Appellate Division of the Supreme Court of New York, Second Department
Jun 26, 1989
151 A.D.2d 716 (N.Y. App. Div. 1989)

Opinion

June 26, 1989

Appeal from the Supreme Court, Kings County (Hurowitz, J.).


Ordered that the judgment is modified, on the law, by adding thereto a provision confirming the award, and as so modified, the judgment is affirmed, with costs to the respondent.

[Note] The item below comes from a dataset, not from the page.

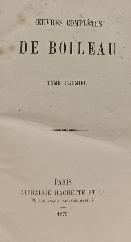 Librairie Hachette et Cie 1875 in12. 1875. Relié. Cette édition des œuvres complètes de Nicolas Boileau (Boileau-Despréaux) est une édition critique collationnée sur les anciennes éditions et manuscrits. Elle est accompagnée de notes historiques et littéraires ainsi que de recherches sur la vie la famille et les ouvrages de l'auteur

Contrary to the petitioner's contention, we find that the arbitrator's determination that the respondent provided adequate and reasonably timely notice of her claim for housekeeping services is supported by evidence in the record and is therefore not irrational. Moreover, the petitioner's contention that the receipts provided by the respondent were not in compliance with the regulations governing proofs of claim because they were not notarized is unavailing. There is no evidence that the petitioner ever requested the submission of sworn receipts (see, 11 NYCRR 65.11 [k] [3] [i]). In any event, the arbitrator did not act irrationally in relying upon the receipts as evidence of the housekeeping services rendered (see, 11 NYCRR 65.16 [c] [7] [xiii]; Block v. St. Paul Fire Mar. Ins. Co., 137 A.D.2d 475; Matter of Pierre [General Acc. Ins.], 100 A.D.2d 705). Accordingly, the petitioner has failed to demonstrate any valid basis for vacatur of the award pursuant to the grounds set forth in CPLR 7511.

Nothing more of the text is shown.